INC-149728 · Issue 608107
Application wizard security updated
Resolved in Pega Version 8.4.4
A user having PegaRULES:User1 role only was able to run the Create Application wizard until an authorization block was reached, yet some rules were created. No operator records were created as part of this process. This was traced to code left in place after the creation of pxAppConfig and pzAppConfig portals, and has been resolved. The New Application wizard UI will display a message to a user when they lack access to build a new application, and an error will be displayed for any attempt to create a new application directly via pzCreateNewApplication to address a scenario where a user might be trying to call the activity without the front end.
INC-150039 · Issue 608044
Adjusted validation of literal value of a parameter
Resolved in Pega Version 8.4.4
When mapping a parameterized when rule to the proposition filter, parameters passed from the proposition filter page were not getting flown to the when rule. This was caused by special character validation for a literal value of a parameter which necessitated putting the parameter value within quotes and which resulted in a parameter value mismatch at run time. To support this use, this validation has been disabled as parameter values would not get included within quotes. This change does not have any impact on when rule or proposition filter rules java generation.
INC-150845 · Issue 606354
OpenRule logic updated for GetRuleInfo
Resolved in Pega Version 8.4.4
The exception "InsufficientPrivileges:RuleExecutionDenied RULE-OBJ-ACTIVITY @BASECLASS PZGETRULEINFO" was thrown for some access groups when attempting to view a section from the end-user perspective on the Opportunity screen. Investigation showed this happened when a section had a table in which "Optimize code" was unchecked. If "Optimize code" was checked, then the exception was not thrown. This was traced to recent security changes in pzGetRuleInfo which affected the BAC registration process, and has been resolved by updating the way the openRule action registration logic invokes the activity.
INC-151669 · Issue 618042
Formulas corrected for GenerateExcelFile
Resolved in Pega Version 8.4.4
After upgrade, using pxGenerateExcelFile to generate an Excel file resulted in some formulas and values not displaying. This scenario used an Excel template with two tabs - one showing direct page values and the second displaying the calculated values of first sheet. In the exported file, the formula was not getting evaluated unless and until the cell was activated with the enter key. This is a known limitation, and a temporary solution has been made here to add parameters that force the formula evaluations on the saved Excel document when editing is turned on. A more complete solution will be included in the next patch release.
INC-137874 · Issue 599131
Cross-site scripting update for Dev Studio
Resolved in Pega Version 8.4.4
Cross Site Scripting (XSS) protections have been added to Developer Studio.
INC-140224 · Issue 604006
Corrected SAML SSO error
Resolved in Pega Version 8.4.4
After opening a case from the Pega-FCM portal or after logging in from SSO, closing the Pega window and opening it again resulted in the error "Unable to process the SAML WebSSO request : Violation of PRIMARY KEY constraint %27pr_data_saml_requestor_PK%27. Cannot insert duplicate key in object". This was a missed use case that happens only under the old SAML configuration, and has been resolved by removing a when condition that checks for stepstatus fail for the pySAMLwebSSOAuthentication activity.
INC-141595 · Issue 602715
CSRF and Browser fingerprint tokens added for testing custom scripts
Resolved in Pega Version 8.4.4
After upgrade, the test window appeared blank when attempting to test Decision Table rules. This was traced to there not being CSRF token and Browser fingerprint handling in the custom script used to show a prompt screen to the user. Because the CSRF token validation was missing, the request failed. To resolve this, CSRF and Browser fingerprint tokens have been added as hidden fields.
INC-141940 · Issue 601543
Revoke Access Token check removed from OAuth Client Registration
Resolved in Pega Version 8.4.4
When client credentials were implemented, the OAuth 2.0 Client Registration form was designed such that once the instance was created and a token issued, the access tokens were deleted on save.

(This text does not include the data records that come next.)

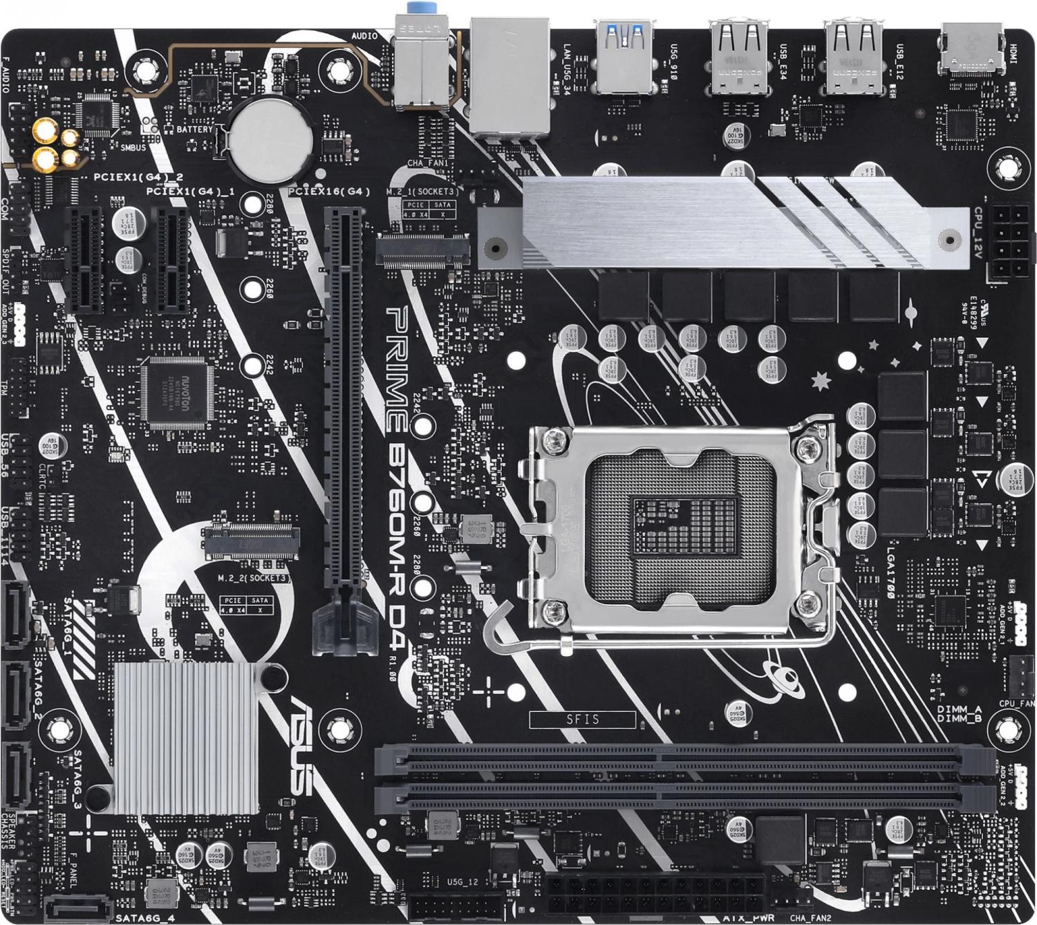 Материнская плата Asus PRIME B760M-R D4 Soc-1700 Intel B760 2xDDR4 mATX AC`97 8ch(7.1) 2.5Gg RAID+HDMI
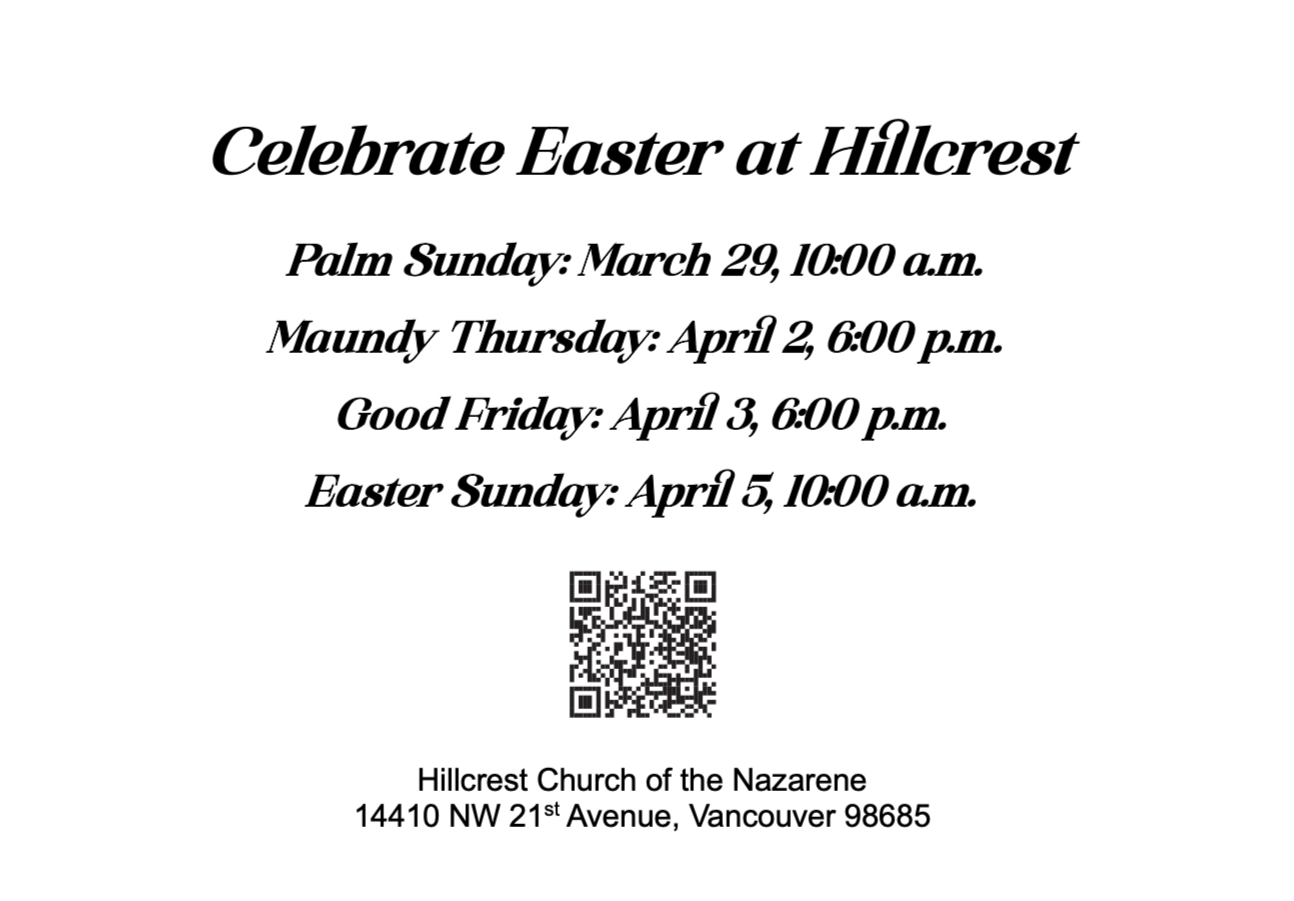 Come and celebrate the joy of Easter with us at Hillcrest! This is a day of hope, renewal, and victory as we rejoice in the resurrection of Jesus Christ
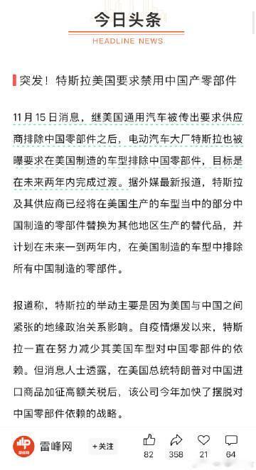 特斯拉被要求禁用中国产零部件万幸对咱们买国产的Model 3和Y没啥影响,你们说老美这算不算搬起石头砸自己的脚?【来自懂车帝车友圈】
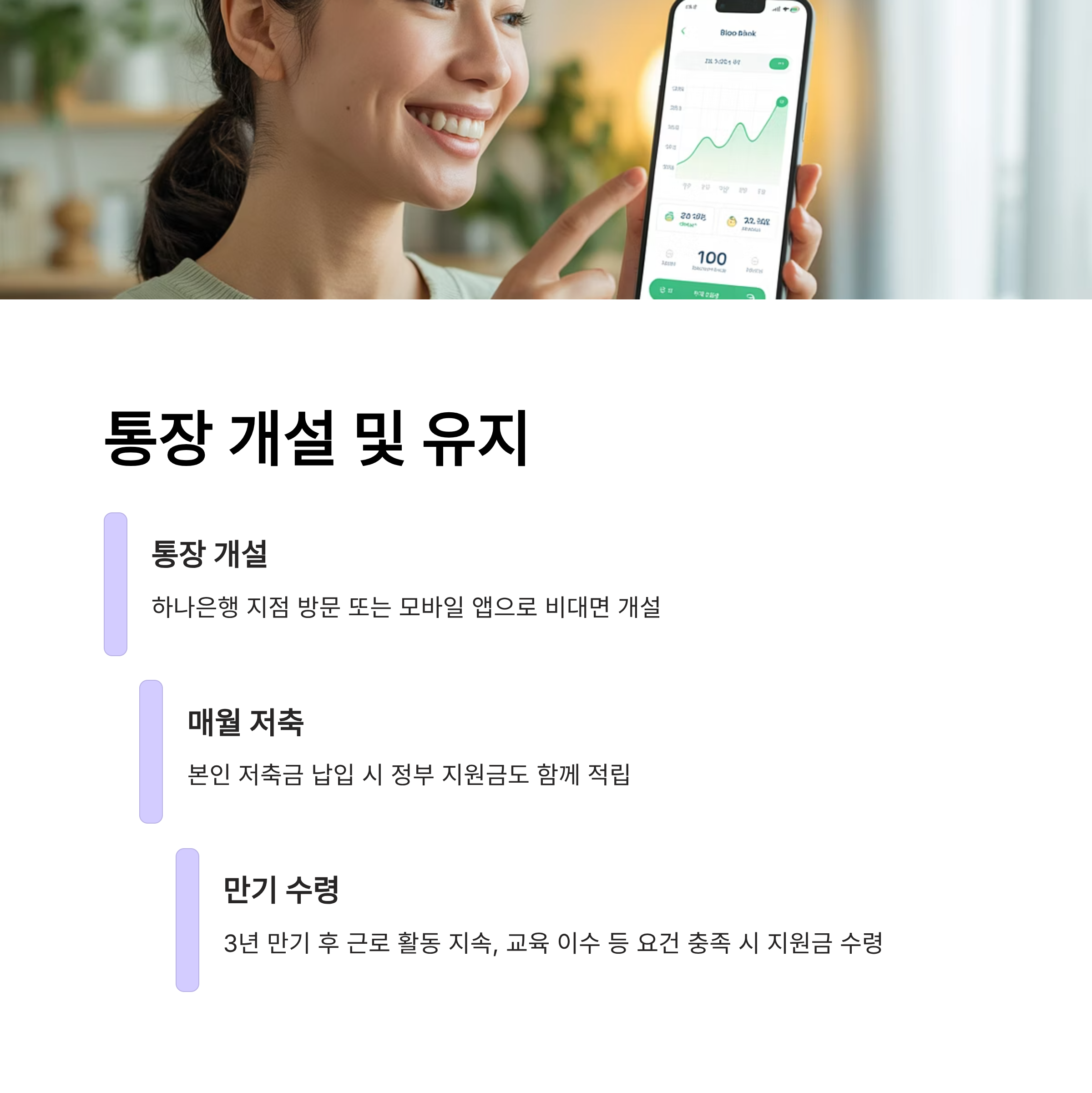 통장 개설은 하나은행 지점을 방문하거나 하나은행 모바일 앱을 통해 비대면으로도 가능합니다. 통장을 개설한 후에는 매월 본인 저축금을 납입하면 정부 지원금도 함께 적립됩니다. 3년 만기 후에는 근로 활동 지속, 교육 이수 등의 요건을 충족하면 지원금을 받을 수 있으니, 꾸준히 노력하는 자세가 필요하겠죠?

Process changes now indicate that it should be possible to save the form because it may only have History Description/Usage changes made to it and Revoke Token and Regenerate Secret buttons are already available. To address this, the Revoke Access Token check has been removed from the validate activity of Client Registration.
INC-144591 · Issue 601611
Oauth and beanutils jars upgraded
Resolved in Pega Version 8.4.4
The third party Oauth2 jars and commons-beanutils jar have been updated to the latest versions.
INC-144597 · Issue 598307
Updated handling for MT query of pr_data_admin table
Resolved in Pega Version 8.4.4
When using a multi-tenant environment with Oracle, as the number of users in the environment increased, the number of queries of the pr_data_admin table "WHERE pyEnableAuthService" increased exponentially and causes system slowness. This was traced to missed handling for the @ character in the authentication service cache while requesting, and has been resolved by updating authservicecache.java.